• [What is expected]: I need the entries printed again word for word, without the images.

• [Entries taken from a collection]:
---*---

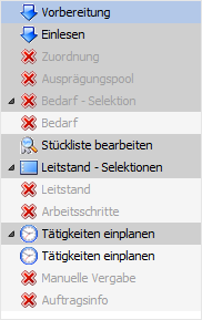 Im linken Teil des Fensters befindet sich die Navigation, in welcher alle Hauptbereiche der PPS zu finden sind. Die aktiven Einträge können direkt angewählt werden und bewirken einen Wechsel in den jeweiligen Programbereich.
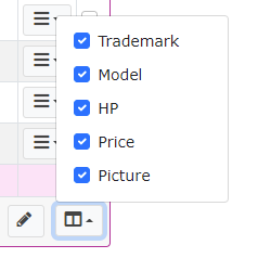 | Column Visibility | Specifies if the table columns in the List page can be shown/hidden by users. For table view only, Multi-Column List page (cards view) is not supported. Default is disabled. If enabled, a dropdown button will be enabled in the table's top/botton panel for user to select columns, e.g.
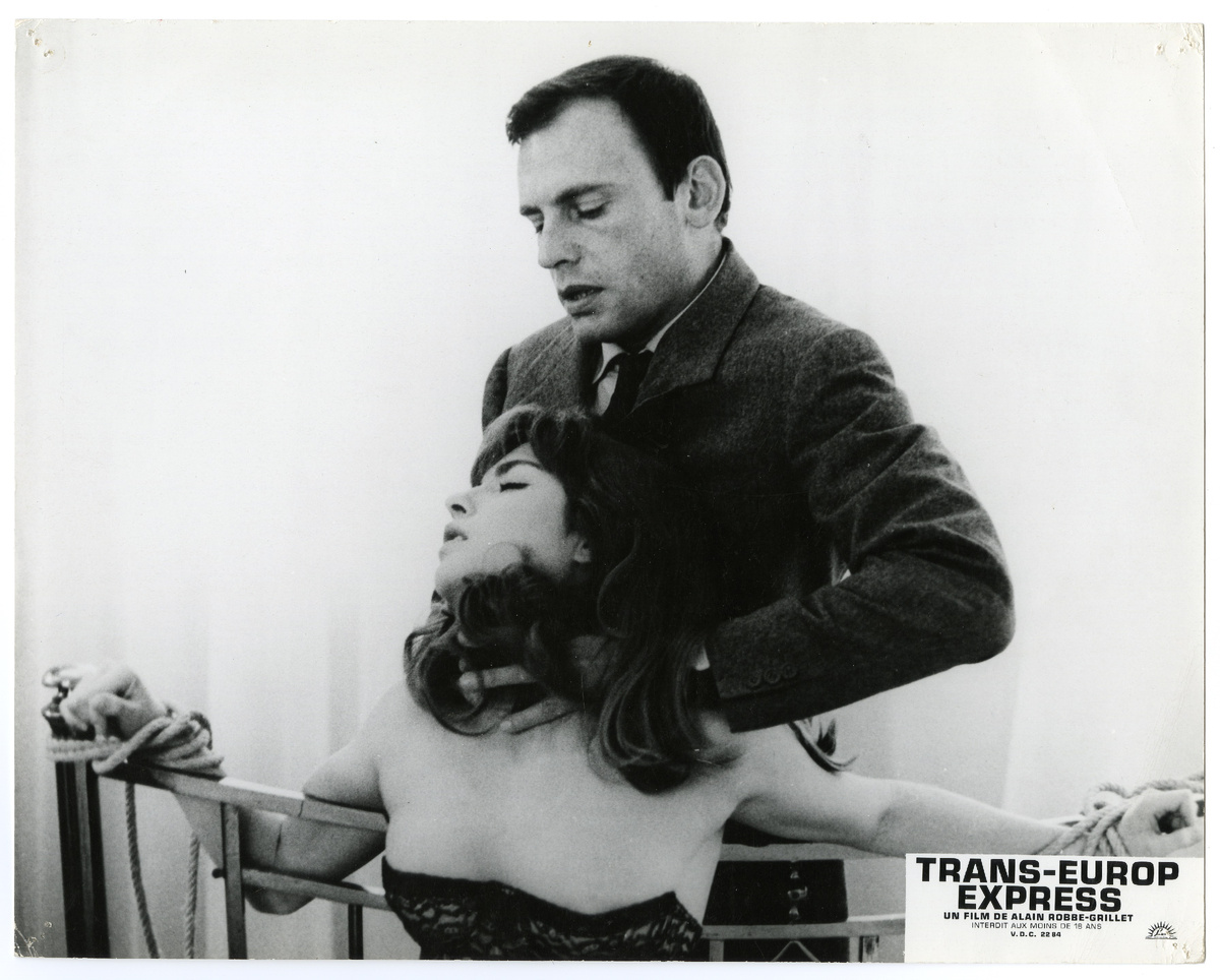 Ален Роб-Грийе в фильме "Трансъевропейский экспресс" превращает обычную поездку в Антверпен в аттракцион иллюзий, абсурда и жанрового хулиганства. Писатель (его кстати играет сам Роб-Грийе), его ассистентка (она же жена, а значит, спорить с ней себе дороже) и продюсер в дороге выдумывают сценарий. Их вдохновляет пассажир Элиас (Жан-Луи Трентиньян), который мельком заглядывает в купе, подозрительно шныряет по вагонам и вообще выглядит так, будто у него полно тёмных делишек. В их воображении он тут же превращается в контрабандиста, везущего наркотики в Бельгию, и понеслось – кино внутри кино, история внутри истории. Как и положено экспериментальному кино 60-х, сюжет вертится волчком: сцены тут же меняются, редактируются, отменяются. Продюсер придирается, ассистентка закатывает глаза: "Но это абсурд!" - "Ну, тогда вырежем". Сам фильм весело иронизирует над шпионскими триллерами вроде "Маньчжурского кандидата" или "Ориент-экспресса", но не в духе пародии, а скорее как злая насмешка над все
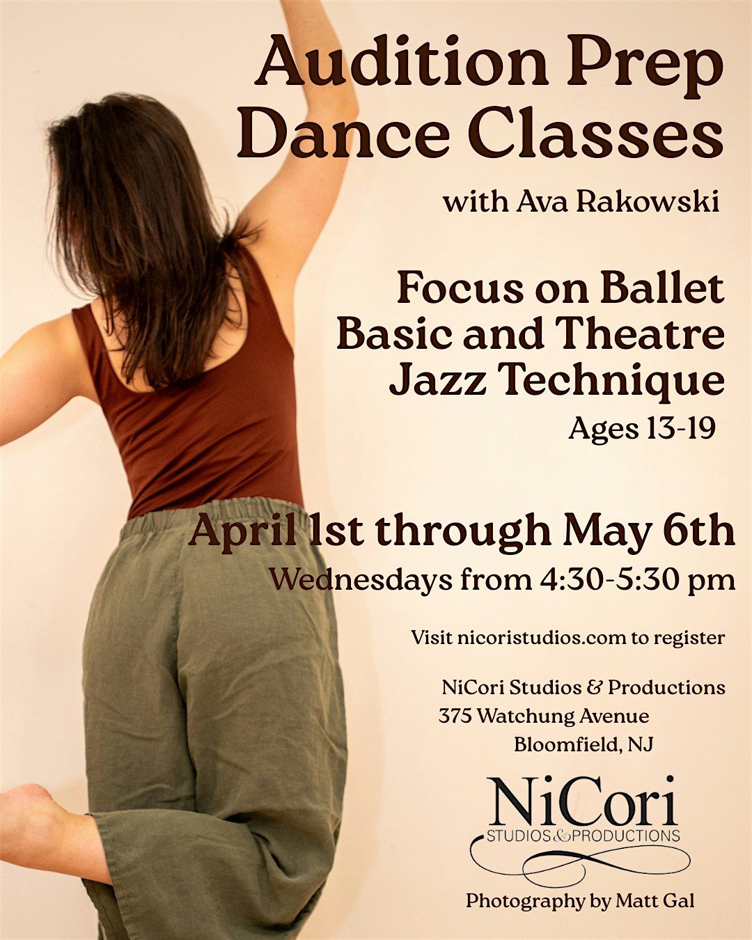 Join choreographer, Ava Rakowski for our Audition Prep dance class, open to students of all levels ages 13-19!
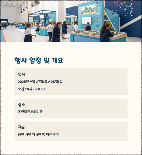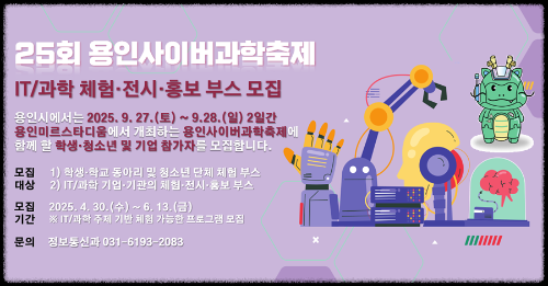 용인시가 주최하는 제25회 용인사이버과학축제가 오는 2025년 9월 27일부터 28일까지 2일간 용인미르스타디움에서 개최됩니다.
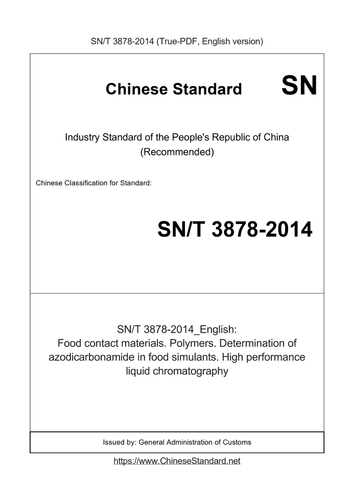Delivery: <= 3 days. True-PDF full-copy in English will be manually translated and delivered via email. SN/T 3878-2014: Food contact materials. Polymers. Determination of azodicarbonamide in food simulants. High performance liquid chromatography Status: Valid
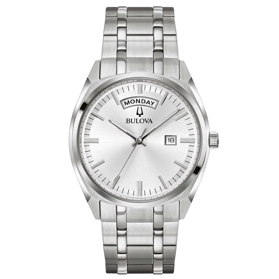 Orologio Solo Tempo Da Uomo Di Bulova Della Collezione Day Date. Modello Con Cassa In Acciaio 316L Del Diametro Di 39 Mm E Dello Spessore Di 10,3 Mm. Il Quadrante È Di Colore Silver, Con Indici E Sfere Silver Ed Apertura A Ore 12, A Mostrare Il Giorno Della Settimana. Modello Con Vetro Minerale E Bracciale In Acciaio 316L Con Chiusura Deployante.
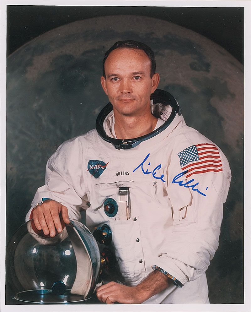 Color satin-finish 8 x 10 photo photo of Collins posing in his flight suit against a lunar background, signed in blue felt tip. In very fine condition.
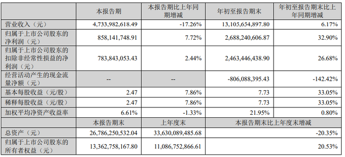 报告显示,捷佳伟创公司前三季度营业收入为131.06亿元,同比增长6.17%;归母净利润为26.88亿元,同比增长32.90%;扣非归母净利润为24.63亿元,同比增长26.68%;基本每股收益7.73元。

---*---

• [Written reply]:
 Im linken Teil des Fensters befindet sich die Navigation, in welcher alle Hauptbereiche der PPS zu finden sind. Die aktiven Einträge können direkt angewählt werden und bewirken einen Wechsel in den jeweiligen Programbereich.
 | Column Visibility | Specifies if the table columns in the List page can be shown/hidden by users. For table view only, Multi-Column List page (cards view) is not supported. Default is disabled. If enabled, a dropdown button will be enabled in the table's top/botton panel for user to select columns, e.g.
 Ален Роб-Грийе в фильме "Трансъевропейский экспресс" превращает обычную поездку в Антверпен в аттракцион иллюзий, абсурда и жанрового хулиганства. Писатель (его кстати играет сам Роб-Грийе), его ассистентка (она же жена, а значит, спорить с ней себе дороже) и продюсер в дороге выдумывают сценарий. Их вдохновляет пассажир Элиас (Жан-Луи Трентиньян), который мельком заглядывает в купе, подозрительно шныряет по вагонам и вообще выглядит так, будто у него полно тёмных делишек. В их воображении он тут же превращается в контрабандиста, везущего наркотики в Бельгию, и понеслось – кино внутри кино, история внутри истории. Как и положено экспериментальному кино 60-х, сюжет вертится волчком: сцены тут же меняются, редактируются, отменяются. Продюсер придирается, ассистентка закатывает глаза: "Но это абсурд!" - "Ну, тогда вырежем". Сам фильм весело иронизирует над шпионскими триллерами вроде "Маньчжурского кандидата" или "Ориент-экспресса", но не в духе пародии, а скорее как злая насмешка над все
 Join choreographer, Ava Rakowski for our Audition Prep dance class, open to students of all levels ages 13-19!
 용인시가 주최하는 제25회 용인사이버과학축제가 오는 2025년 9월 27일부터 28일까지 2일간 용인미르스타디움에서 개최됩니다.
Delivery: <= 3 days. True-PDF full-copy in English will be manually translated and delivered via email. SN/T 3878-2014: Food contact materials. Polymers. Determination of azodicarbonamide in food simulants. High performance liquid chromatography Status: Valid
 Orologio Solo Tempo Da Uomo Di Bulova Della Collezione Day Date. Modello Con Cassa In Acciaio 316L Del Diametro Di 39 Mm E Dello Spessore Di 10,3 Mm. Il Quadrante È Di Colore Silver, Con Indici E Sfere Silver Ed Apertura A Ore 12, A Mostrare Il Giorno Della Settimana. Modello Con Vetro Minerale E Bracciale In Acciaio 316L Con Chiusura Deployante.
 Color satin-finish 8 x 10 photo photo of Collins posing in his flight suit against a lunar background, signed in blue felt tip. In very fine condition.
 报告显示,捷佳伟创公司前三季度营业收入为131.06亿元,同比增长6.17%;归母净利润为26.88亿元,同比增长32.90%;扣非归母净利润为24.63亿元,同比增长26.68%;基本每股收益7.73元。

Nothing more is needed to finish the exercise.